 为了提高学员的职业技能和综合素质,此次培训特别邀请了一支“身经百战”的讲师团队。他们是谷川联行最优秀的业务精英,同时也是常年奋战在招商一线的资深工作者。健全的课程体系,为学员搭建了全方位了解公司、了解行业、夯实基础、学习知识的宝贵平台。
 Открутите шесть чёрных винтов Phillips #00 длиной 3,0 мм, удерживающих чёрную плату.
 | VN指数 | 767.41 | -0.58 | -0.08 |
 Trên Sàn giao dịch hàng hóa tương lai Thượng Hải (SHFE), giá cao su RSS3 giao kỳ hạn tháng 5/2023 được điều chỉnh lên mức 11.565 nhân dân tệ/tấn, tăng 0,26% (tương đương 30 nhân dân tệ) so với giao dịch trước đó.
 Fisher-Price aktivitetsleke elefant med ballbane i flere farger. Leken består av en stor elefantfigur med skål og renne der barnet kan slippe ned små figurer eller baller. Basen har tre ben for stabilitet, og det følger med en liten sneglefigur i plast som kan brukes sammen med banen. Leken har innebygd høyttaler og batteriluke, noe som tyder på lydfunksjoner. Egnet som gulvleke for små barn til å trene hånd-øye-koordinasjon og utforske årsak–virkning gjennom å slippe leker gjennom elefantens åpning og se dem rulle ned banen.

********************

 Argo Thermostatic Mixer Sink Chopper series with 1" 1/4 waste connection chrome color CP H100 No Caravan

********************

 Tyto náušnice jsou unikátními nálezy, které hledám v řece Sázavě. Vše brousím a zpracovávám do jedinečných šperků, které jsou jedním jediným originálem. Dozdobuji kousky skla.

********************

▶ [TASK STATEMENT]:
The entries above hold the needed span. Transcribe exactly the lines from the one with "为了提高学员的职业技能和综合" to the one with "Trên Sàn giao", both included.

▶ [ANSWER BELOW]:
 为了提高学员的职业技能和综合素质,此次培训特别邀请了一支“身经百战”的讲师团队。他们是谷川联行最优秀的业务精英,同时也是常年奋战在招商一线的资深工作者。健全的课程体系,为学员搭建了全方位了解公司、了解行业、夯实基础、学习知识的宝贵平台。
 Открутите шесть чёрных винтов Phillips #00 длиной 3,0 мм, удерживающих чёрную плату.
 | VN指数 | 767.41 | -0.58 | -0.08 |
 Trên Sàn giao dịch hàng hóa tương lai Thượng Hải (SHFE), giá cao su RSS3 giao kỳ hạn tháng 5/2023 được điều chỉnh lên mức 11.565 nhân dân tệ/tấn, tăng 0,26% (tương đương 30 nhân dân tệ) so với giao dịch trước đó.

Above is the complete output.